Contrast mechanisms in secondary electron e-beam induced current (SEEBIC) imaging

TL;DR

SEEBIC imaging in STEM allows direct visualization of sample conductivity by measuring secondary electron currents, offering a new contrast mechanism for electrical characterization of nanostructures like graphene nanoribbons.

Contribution

This paper reviews recent developments in SEEBIC contrast mechanisms and demonstrates its application in characterizing graphene nanoribbon devices.

Findings

SEEBIC provides distinct contrast based on electrical connectivity.

SEEBIC can visualize conductivity variations in nanostructures.

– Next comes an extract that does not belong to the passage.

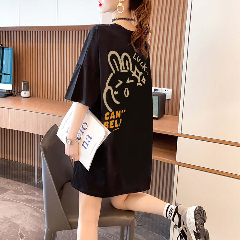 学生大码洋气减龄纯棉短袖t恤女中长款夏装宽松显瘦卡通兔子上衣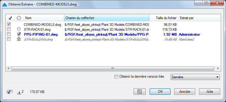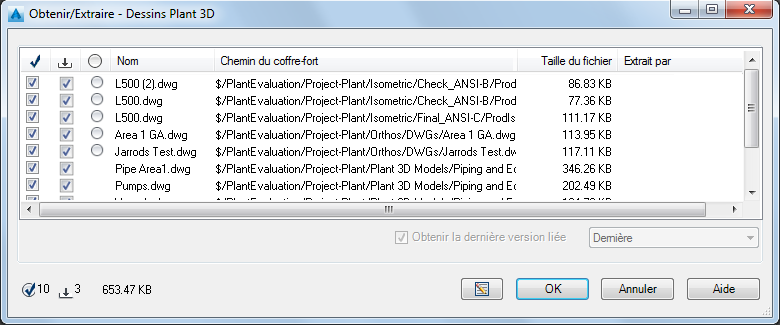- Si le dessin fait référence à d'autres dessins (fichiers associés à Vault), vous pouvez sélectionner la colonne d'extraction pour ceux-ci s'ils ne sont pas déjà extraits.

Application to graphene nanoribbons shows practical utility.

Abstract

Over the last few years, a new mode for imaging in the scanning transmission electron microscope (STEM) has gained attention as it permits the direct visualization of sample conductivity and electrical connectivity. When the electron beam (e-beam) is focused on the sample in the STEM, secondary electrons (SEs) are generated. If the sample is conductive and electrically connected to an amplifier, the SE current can be measured as a function of the e-beam position. This scenario is similar to the better-known scanning electron microscopy (SEM)-based technique, electron beam induced current (EBIC) imaging except the signal in STEM is generated by the emission of SEs, hence the name SEEBIC, and in this case the current flows in the opposite direction. Here, we provide a brief review of recent work in this area, examine the various contrast generation mechanisms associated with SEEBIC, and illustrate its use for the characterization of graphene nanoribbon devices.